In general, the SRAEC has to be recognized and upheld by all the common stakeholders presently involved in the region’s long-term future. They include state and non-state entities, together with various regional organizations and even global institutions. Its basic premise and thrust is to ensure that all the commonly essential natural maritime resources presently found (and yet to be discovered) within the parameters of the Southeast Asian Sea must be collectively shared by all stakeholders. This means the region’s vast humanity and not a handful of states and their ruling leaders.

Consequently, the Southeast Asian Sea’s strategic resources cannot be claimed by just a few and in the name of ancient empires that have long ago disappeared into the library of world history. In the context of today’s global environmental realities, the Southeast Asian Sea must by now be claimed by the many and in the name of a 21st-century world order shared by all of humankind.
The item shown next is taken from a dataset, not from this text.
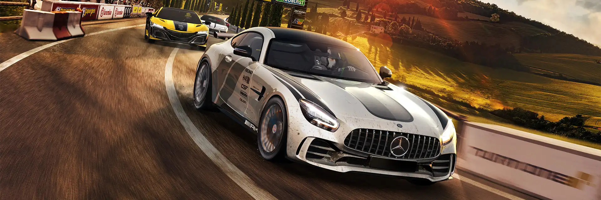 A white Mercedes-AMG GT R with racing decals and a black stripe on the hood, shown in a dynamic stance from the front.

In pursuing the conceptual framework of a Shared Regional Area of Essential Commons, its independence and neutrality must always be upheld. This means that the SRAEC should assert from its declared onset that it cannot be absolutely claimed (wholly or partially) by any one state or regional entity, such as China or the Asean. And even more so, the SRAEC must not become a conflict zone under the geopolitical maneuverings of any world power, specifically the globally hegemonic thrusts of the United States.

It will certainly not be very easy to change the Beijing-Washington rivalry with respect to their hegemonic agendas over the broader Asia-Pacific region. At the same time, the Asean is not collectively united in taking a more independent and neutral stance toward both China and the United States.  This is because some countries, such as the Philippines, are highly prone to run to the US as a counterforce to China.  Alas, this divide inside the Asean is already being exploited by Beijing.

In this regard, China continues to strongly push its demands for a more bilateral and regionally focused solution to the current regional dilemma affecting the Southeast Asian Sea area. In contrast to this, the United States is pushing for a more multilateral approach to solve the regional contradiction. In effect, the Chinese want to ensure their clear dominance over their Southeast Asian neighbors without any interference from another superpower. And in an almost similar manner, the Americans also seek to once more intervene within the area by realigning pro-US countries from Southeast Asia under its imperialist dictation through a geostrategic coalition, which is aimed at enhancing American control over the Southeast Asian region and containing the Chinese’s expansionist actions.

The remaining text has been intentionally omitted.